15ページからアレグラFX、フェキソフェナジン塩酸塩です。こちらもアレルギー用薬です。1617ページに留意点がありますが、アレルギー性鼻炎、または風邪等のほかの原因によるものか分からない場合の内容の確認。副作用に関しては、アナフィラキシーショックの症状が確認事項として挙げております。

18ページからアイフリーコーワALということで、こちらもアレルギー用薬ですが点眼剤です。留意点は、記載のとおりです。7歳未満の小児ではないこと。また、18ページの下にありますが、目やにのみ多い場合など、アレルギーとは言いきれない場合には、使用前に医療機関を受診するよう促すといった事項を書いております。

20ページ、ナロンメディカル、イブプロフェンの製剤ですが、解熱鎮痛薬です。21ページ以降、留意点を記載しております。22ページの副作用の関連については、低体温や四肢冷却といった症状の確認も挙げております。

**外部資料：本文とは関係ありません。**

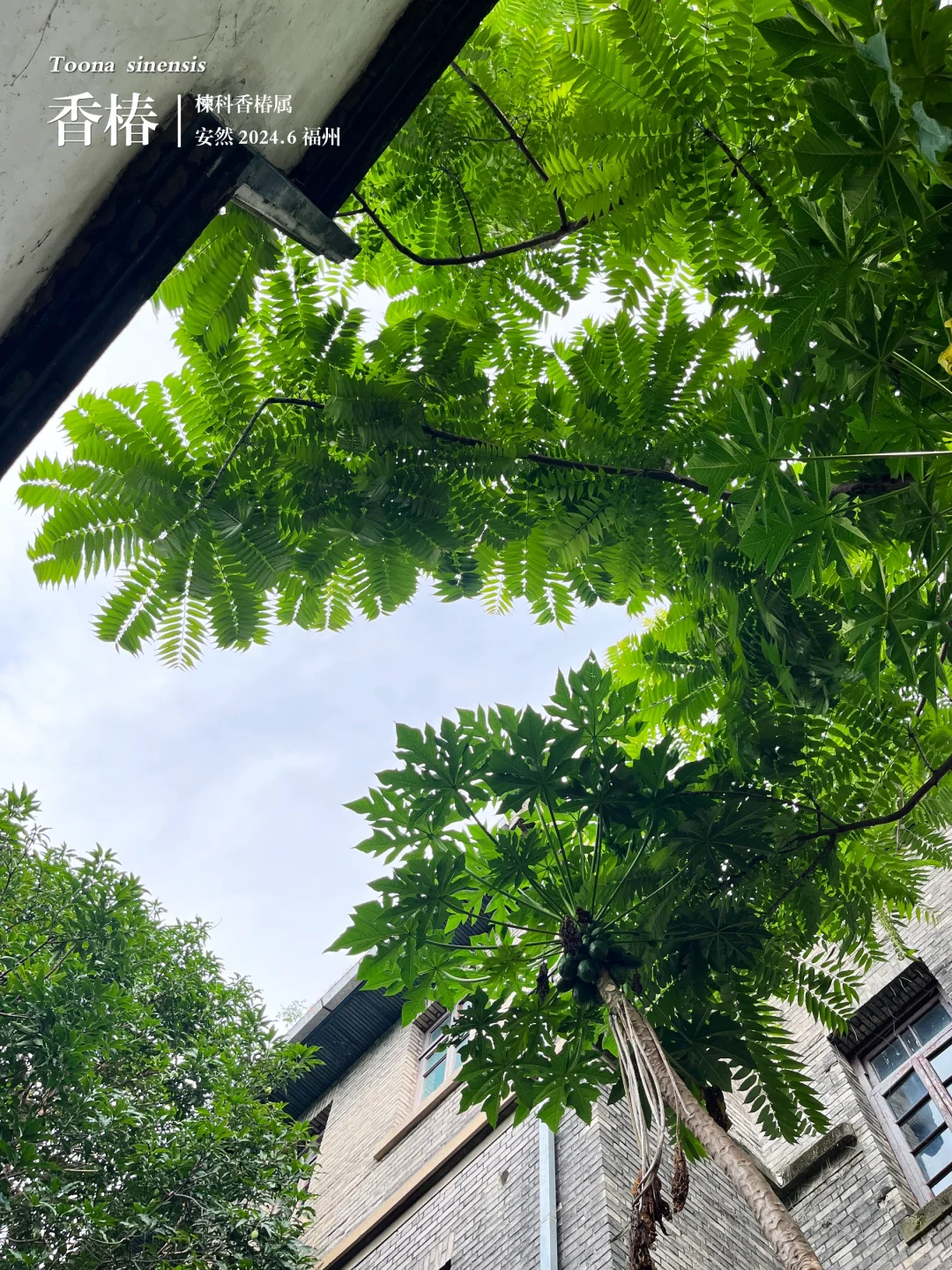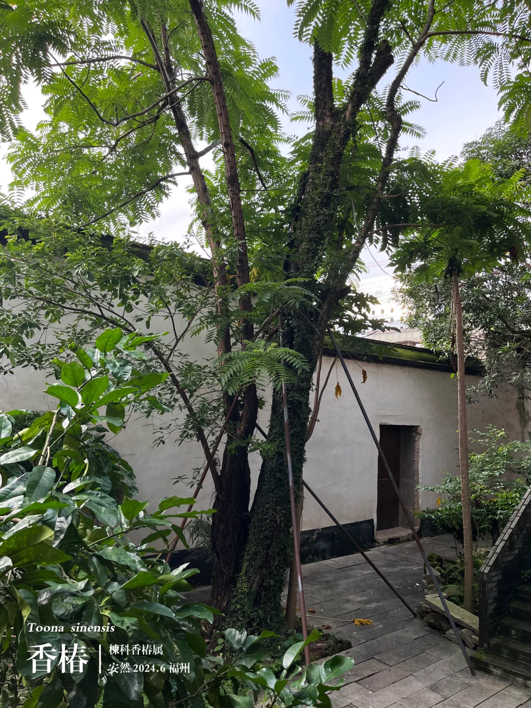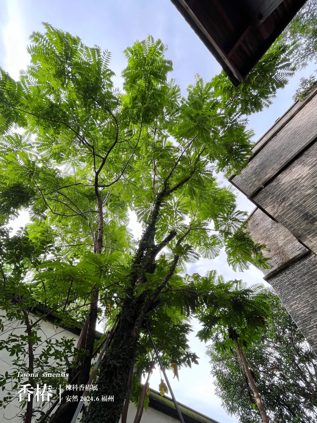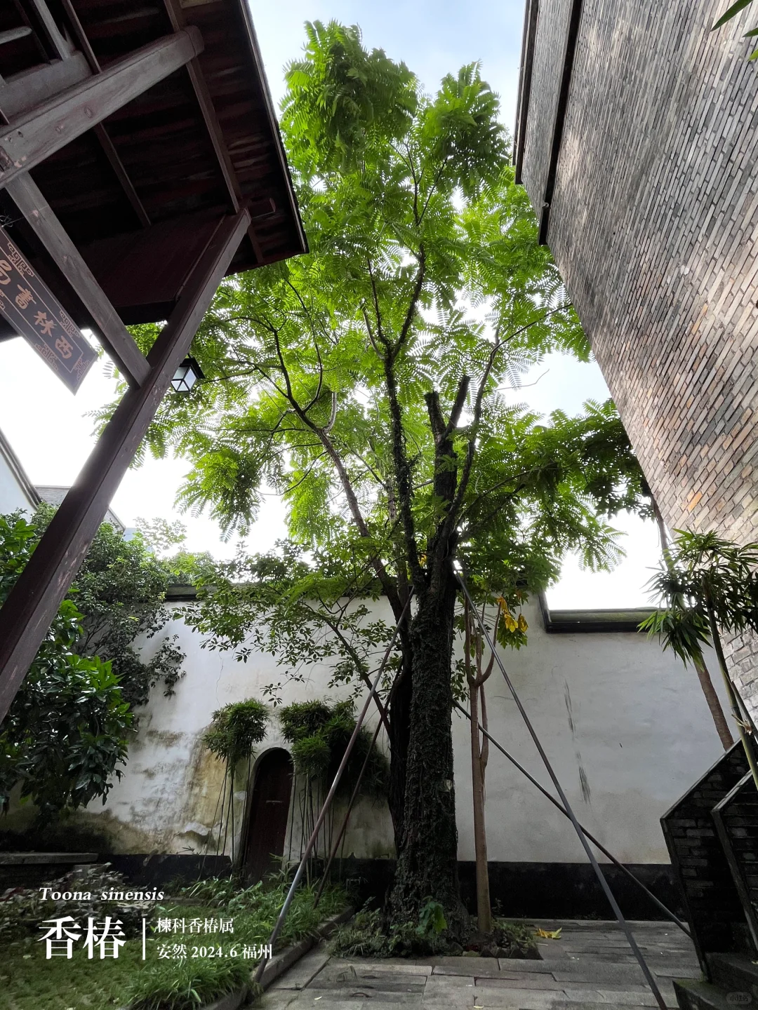 这次在宫巷探访修复后试营业的沈葆桢故居,随后在巷中闲逛,偶然走进巷头的刘宅,徘徊在后院,发现一棵巨大的仿若麻楝的大树,细看铭牌,居然是香椿。兴奋之情溢于言表,赶紧在植物群里告知大家。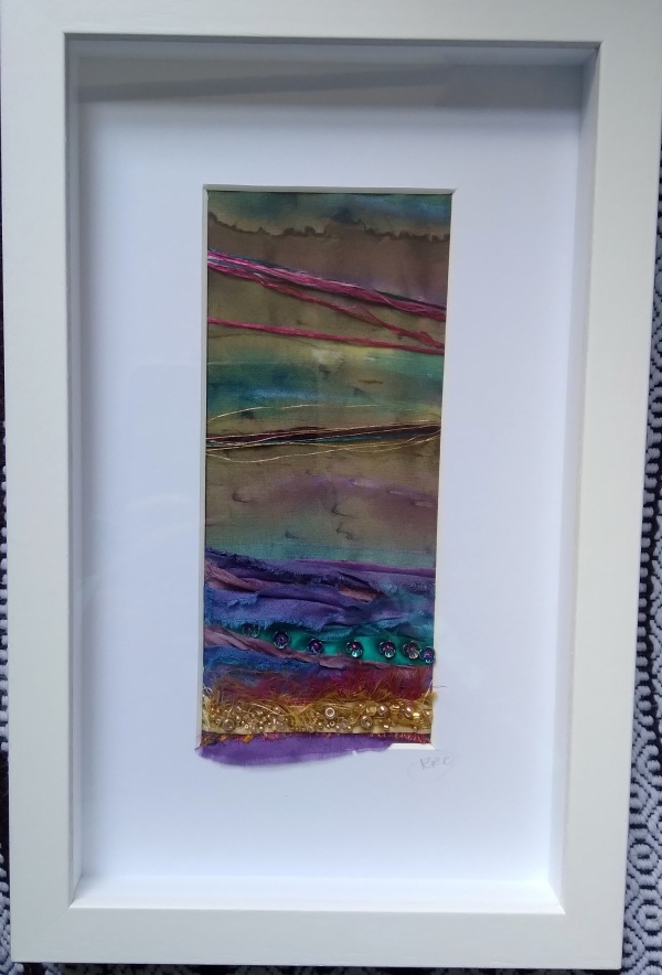 Hand dyed silk and silk fibres, beads and threads. Hand and machine stitched. FRAMED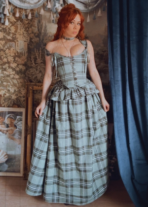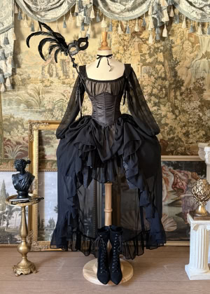 The Coral Skirt is made to match the Coral Stays Corset & Coral Crop Top, but pairs perfectly with any corset. Featuring a double drawstring front to adjust the length and tiered ruffles, our small batch dyed rayon fabric mimics the texture of historical cotton while remaining extremely soft and breezy- perfect for spring-fall. Style it Cottagecore, pirate, hobbit, ren faire, etc! This skirt perfectly completes your corset outfit and adds a touch of sultriness with the high-low hem. Length 40 inches, elastic waist in the back.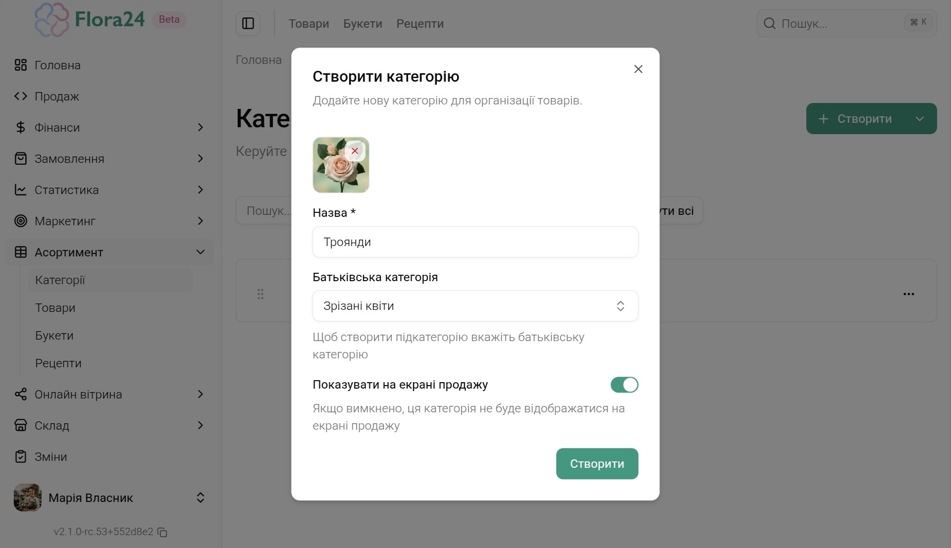 Створіть основні категорії товарів (наприклад: “Зрізані квіти”, “Букети”, “Пакування”).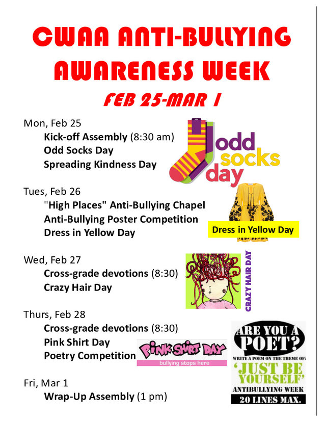 | CHOOSE KINDNESS: KICKING OFF OUR ANTI-BULLYING AWARENESS WEEK Imagine what CWAA would be like if we only used kind words, acted with kindness all the time, asked for forgiveness when we hurt others, included others, acted humbly and we all lived by the Golden Rule! This week at CWAA we will be focusing on the theme: “Choose Kindness”! In our past Anti-Bullying Awareness Weeks, we have focused on bullying behaviours for the purpose of creating awareness and knowledge. This year, however, we would like to focus on building a positive culture - based on kind words and actions. Why did we choose a kindness theme? Kindness can help lift others up when they‘re down. No-one ever knows the struggles people are going through inside. Kindness will never come back to hurt you! Kindness is good for your health (releases oxytocin which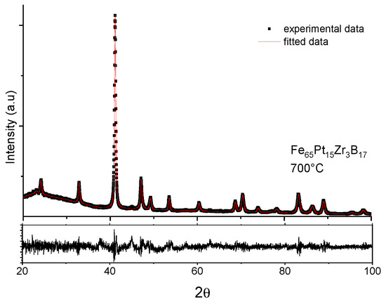 MAUD fitting of the XRD diagram of the sample annealed at 700 °C for 30 min.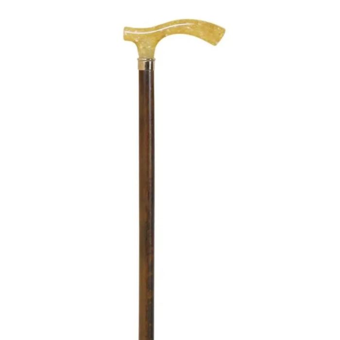 Muletilla de haya marrón, con puño de metacrilato dorado, diseño atractivo y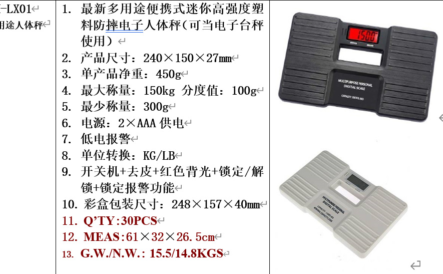 전자 저울 가정용 인체 저울 경량 플라스틱 익스프레스 저울 휴대용 체중계 150kg 체중계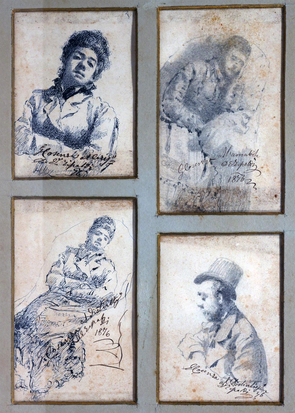 Cosenza Giuseppe (Luzzi, CS 1846 - New York 1922)a) Ritratto femminilechina su carta, cm 9x6,5firmato e datato in basso a destra: G. Cosenza 76b) Bambinomatita su carta, cm 11x7firmato, datato e iscritto in basso al centro: G. Cosenza All'amabile... 76c) Figura femminilechina su carta, cm 11x7firmato, datato in basso a destra: G. Cosenza 76d) Profilo maschilematita su carta, cm 7x7firmato e datato in basso a destra: G. Cosenza 76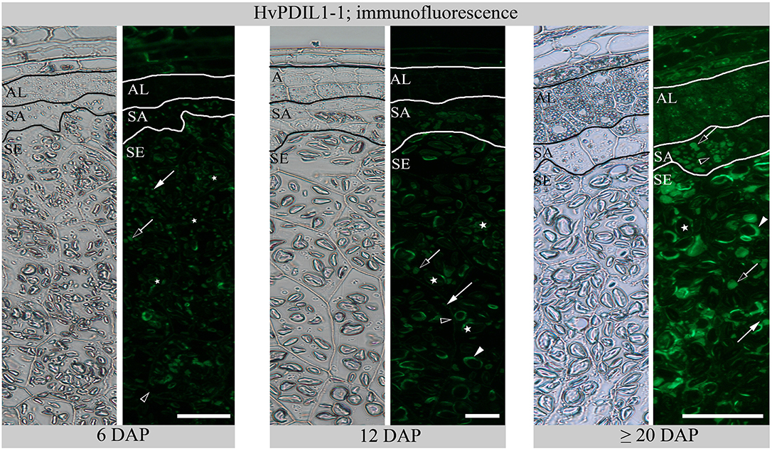 Figure 7. Immunofluorescence of HvPDIL1-1 with anti-AtPDIL1-1 at 6, 12, and ≥20 DAP. Aleurone (AL), subaleurone (SA), starchy endosperm (SE). Arrows indicate PBs with a smaller diameter, open arrows indicate PBs with a larger diameter and arrowheads the specific signal from the protein matrix at the periphery of the starch granules (asterisks). See the labeling of the plasma membrane in starchy endosperm (SE) at 12 DAP and in aleurone (AL) and subaleurone (SA) at ≥20 DAP (open arrowheads). Note the weak signal in aleurone (AL) at ≥20 DAP. Scale bar = 50 μm.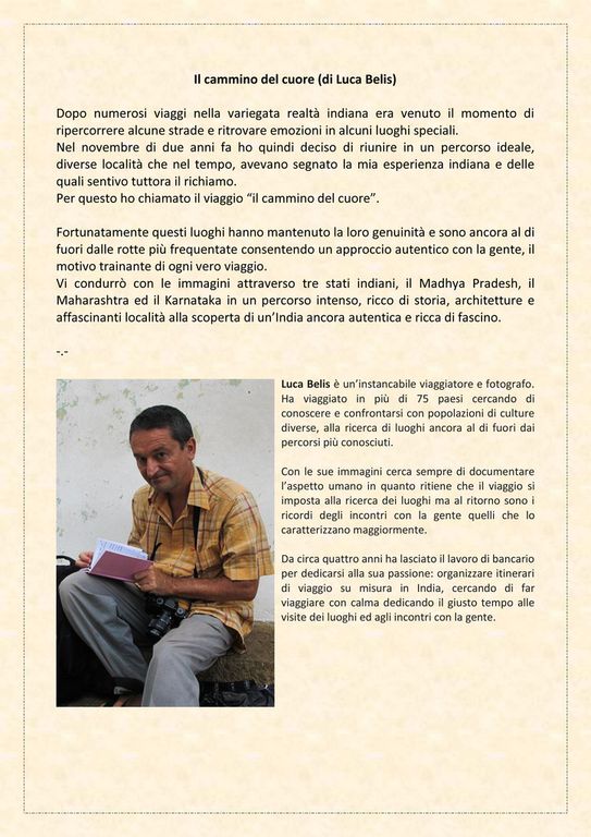 "Il cammino del cuore passa da Cossato, ospite degli amici di Foto.Art. Proporrò le immagini dei luoghi dell'India Centrale che più mi hanno affascinato nel corso di diversi viaggi collegate in un unico viaggio ideale. Il fascino di questi luoghi ancora poco visitati dai turisti, sta nel genuino rapporto umano in ambienti storici e naturali di grande suggestione. "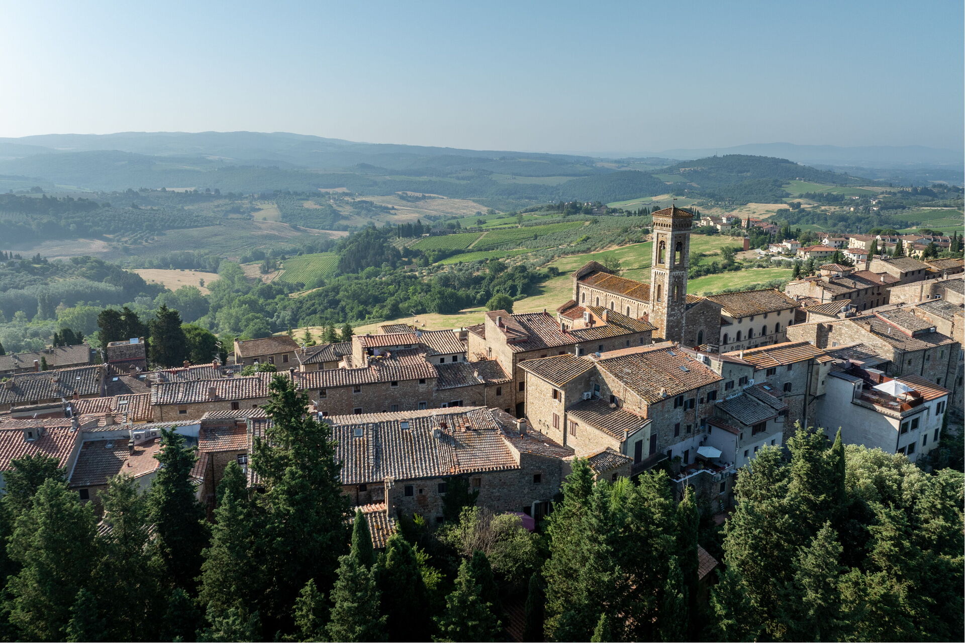 Feriebolig opdelt i enheder med WIFI, pool, TV, gårdhave, panorama udsigt, nær ved Greve In Chianti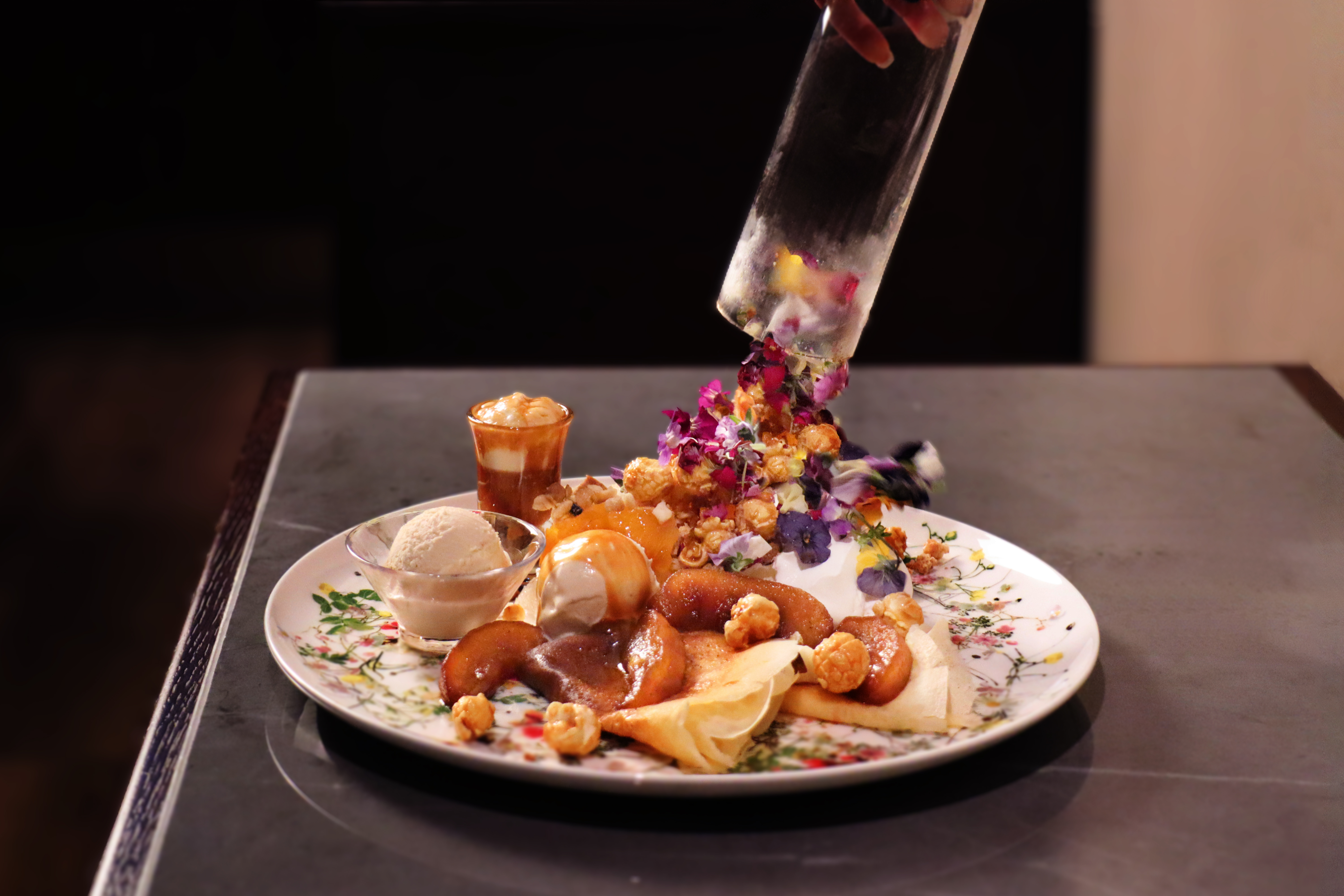 グラスを引き上げると、色とりどりのエディブルフラワーやキャラメルポップコーン、グラノーラなどのパフェの素材が広がって、まるで花園かのような美しい景色に。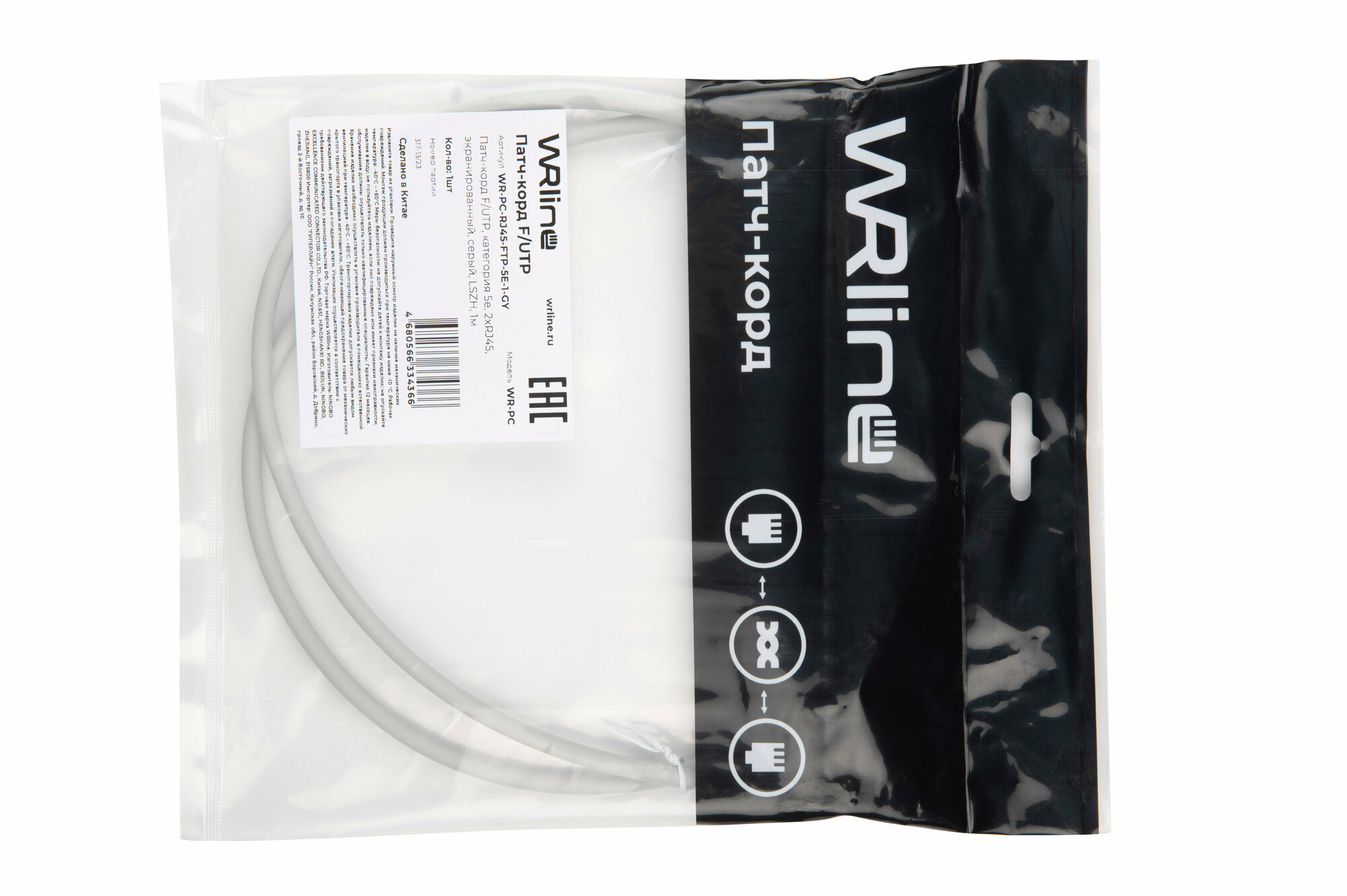 Кабель патч-корд F/UTP 5e кат. 1м WRLine 2xRJ45 экранированный серый LSZH WR-PC-RJ45-FTP-5E-1-GY

24ページ、コンタック鼻炎Z、セチリジン塩酸塩の製剤で、こちらもアレルギー用薬です。25ページからが留意点で、アレルギーの確認や、腎臓病の診断の有無を確認といったポイントを挙げております。

27ページ、エパデールT、エパアルテです。留意点としては28ページから、アレルギー症状の確認とともに、本剤の使用は医療機関を受診された方に限ること。またはチェックシートを用いた必要事項の確認を必ず行う、といったことをポイントで挙げております。

31ページ、ダイレクトOTCですが、アンチスタックスです。軽度の静脈還流障害を効能とするものです。留意点は3233ページで挙げております。足以外のむくみ、又は全身にむくみがある場合には販売を控えるということを挙げております。

○橋田部会長 ここでひと区切りになりますので、ここで一度切らせていただいてよろしいですか。今まで御説明いただいたのは、先ほどの表で言いますとスイッチ直後品目23品目で、そのうち調査期間が終了予定で外れるもの以外のものというところまでですね。この後、またご説明を始めていただくのは、新たに承認等された品目、それから劇薬5品目と出てくるのだと思います。これは要指導医薬品という新しいルール、カテゴリーが出来て、それを実際に運用していくための一般用医薬品の指定というお話だと思います。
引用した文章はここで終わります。